What the task requires: Omit every picture. Return all other data as it stands.

Data:
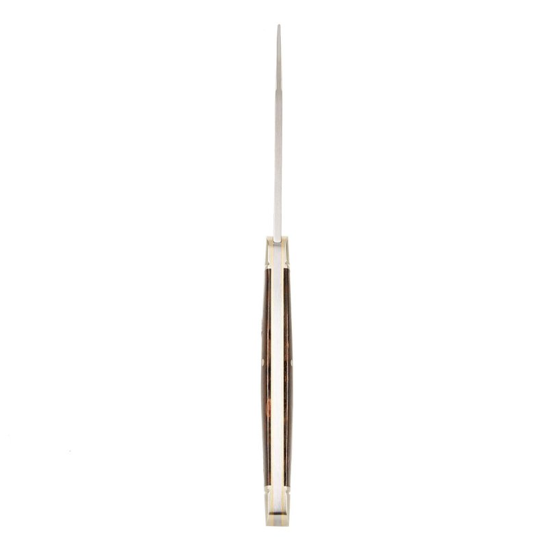 Das Cattle Knife ist die Ur-Form des Taschenmessers und hier in Bilderbuch-Qualität umgesetzt. Es besitzt eine universelle Klingenlänge von 8,2 cm und einen geriffelten Nagelhau, an dem sich geeignete Streichhölzer entzünden lassen. Der Griff aus braun stabilisiertem Maserbirkenholz liegt angenehm in der Hand und wird durch Backen aus Neusilber (Kuper-Nickel-Zink-Legierung) in Szene gesetzt. Das historische Baumzeichen-Emblem von Böker ist farblich und optisch passend im Griff eingesetzt.
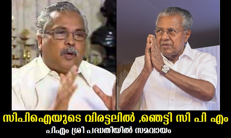 കൊച്ചി : ഏറെ നാളത്തെ വിവാദങ്ങള്ക്കൊടുവില് പിഎം ശ്രീ പദ്ധതി നടപ്പാക്കുന്നതുമായി ബന്ധപ്പെട്ട് ഭരണമുന്നണിയിലെ ചിലര് മന്ത്രിസഭാ തീരുമാനമില്ലാതെ എടുത്ത നിലപാടില് നിന്നും പിന്മാറി കീഴടങ്ങാന് സിപിഎമ്മും സംസ്ഥാന സര്ക്കാരും. ഇതുസംബന്ധിച്ച് കേന്ദ്രത്തിന് കത്തയക്കും. പി എം ശ്രീയില് ഒപ്പുവെച്ചതിന് പിന്നാലെ കടുത്ത എതിര്പ്പിലായിരുന്നു സിപിഐ. കേന്ദ്രത്തിന് കത്തയക്കാമെന്ന സമവായം സിപിഐക്ക് മുന്നില് വെച്ചതോടെയാണ് സമവായം ഉണ്ടായത്. .
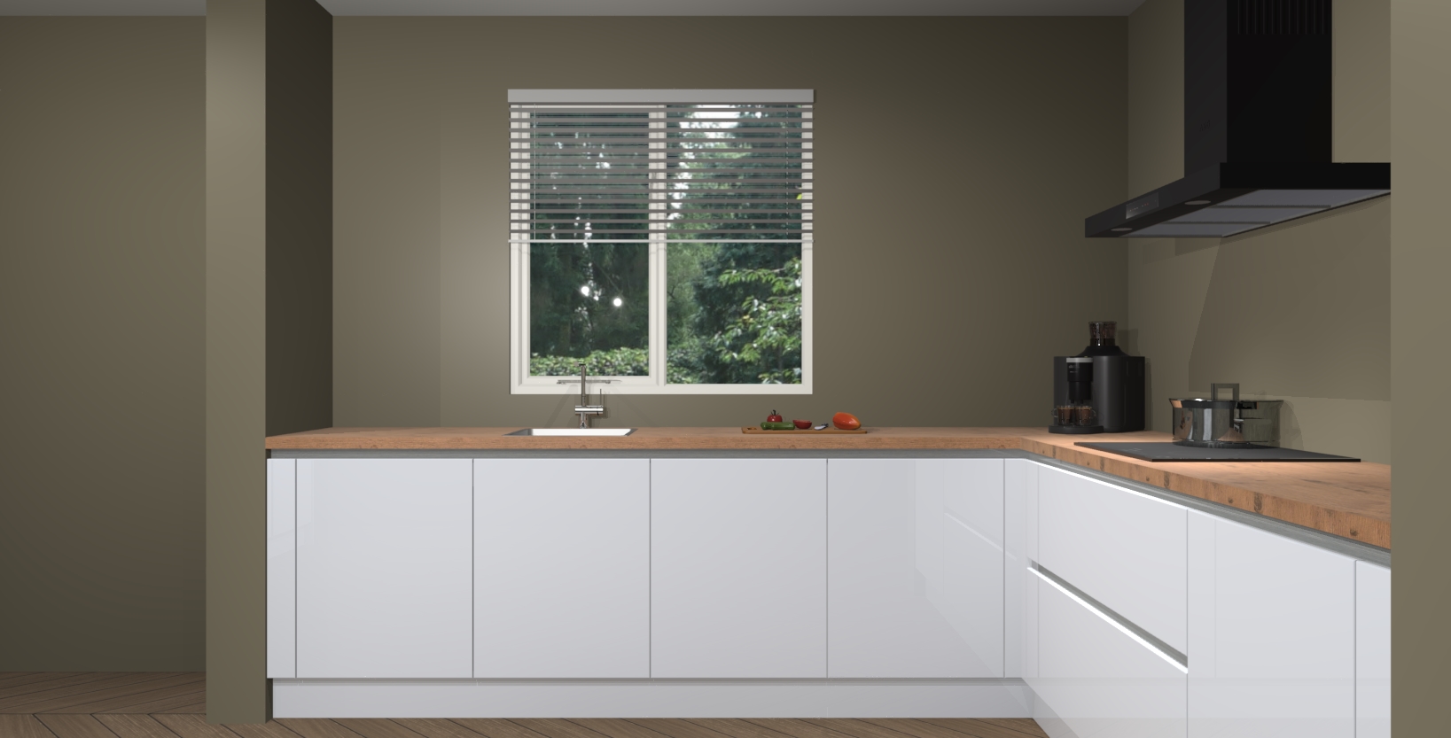 Met een modern, tijdloos design en ruime opslagruimte, zult u zich in no-time thuis voelen in uw nieuwe keuken. Uw leven wordt eenvoudiger met de soft-close deuren die voor het ultieme stille comfort zorgen - geen geluid dat u stoort terwijl u kookt. Ook is de keuken voorzien van 5 ingebouwde apparaten: een oven, inductie kookplaat, afzuigkap, vaatwasser en koelkast. Deze kunnen gemakkelijk na bestelling worden bijgewerkt naar AEG - waardoor uw luxe ervaring compleet is.
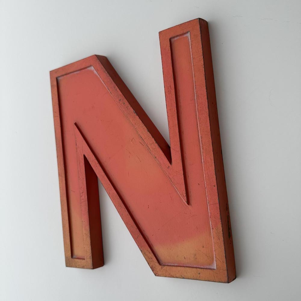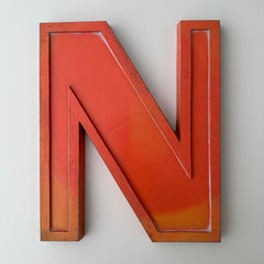 Heavy and chunky metal orange letters. Salvaged from an old disused letter factory, these are vintage, unique and wonderfully well used!

Final answer:
 Das Cattle Knife ist die Ur-Form des Taschenmessers und hier in Bilderbuch-Qualität umgesetzt. Es besitzt eine universelle Klingenlänge von 8,2 cm und einen geriffelten Nagelhau, an dem sich geeignete Streichhölzer entzünden lassen. Der Griff aus braun stabilisiertem Maserbirkenholz liegt angenehm in der Hand und wird durch Backen aus Neusilber (Kuper-Nickel-Zink-Legierung) in Szene gesetzt. Das historische Baumzeichen-Emblem von Böker ist farblich und optisch passend im Griff eingesetzt.
 കൊച്ചി : ഏറെ നാളത്തെ വിവാദങ്ങള്ക്കൊടുവില് പിഎം ശ്രീ പദ്ധതി നടപ്പാക്കുന്നതുമായി ബന്ധപ്പെട്ട് ഭരണമുന്നണിയിലെ ചിലര് മന്ത്രിസഭാ തീരുമാനമില്ലാതെ എടുത്ത നിലപാടില് നിന്നും പിന്മാറി കീഴടങ്ങാന് സിപിഎമ്മും സംസ്ഥാന സര്ക്കാരും. ഇതുസംബന്ധിച്ച് കേന്ദ്രത്തിന് കത്തയക്കും. പി എം ശ്രീയില് ഒപ്പുവെച്ചതിന് പിന്നാലെ കടുത്ത എതിര്പ്പിലായിരുന്നു സിപിഐ. കേന്ദ്രത്തിന് കത്തയക്കാമെന്ന സമവായം സിപിഐക്ക് മുന്നില് വെച്ചതോടെയാണ് സമവായം ഉണ്ടായത്. .
 Met een modern, tijdloos design en ruime opslagruimte, zult u zich in no-time thuis voelen in uw nieuwe keuken. Uw leven wordt eenvoudiger met de soft-close deuren die voor het ultieme stille comfort zorgen - geen geluid dat u stoort terwijl u kookt. Ook is de keuken voorzien van 5 ingebouwde apparaten: een oven, inductie kookplaat, afzuigkap, vaatwasser en koelkast. Deze kunnen gemakkelijk na bestelling worden bijgewerkt naar AEG - waardoor uw luxe ervaring compleet is.
 Heavy and chunky metal orange letters. Salvaged from an old disused letter factory, these are vintage, unique and wonderfully well used!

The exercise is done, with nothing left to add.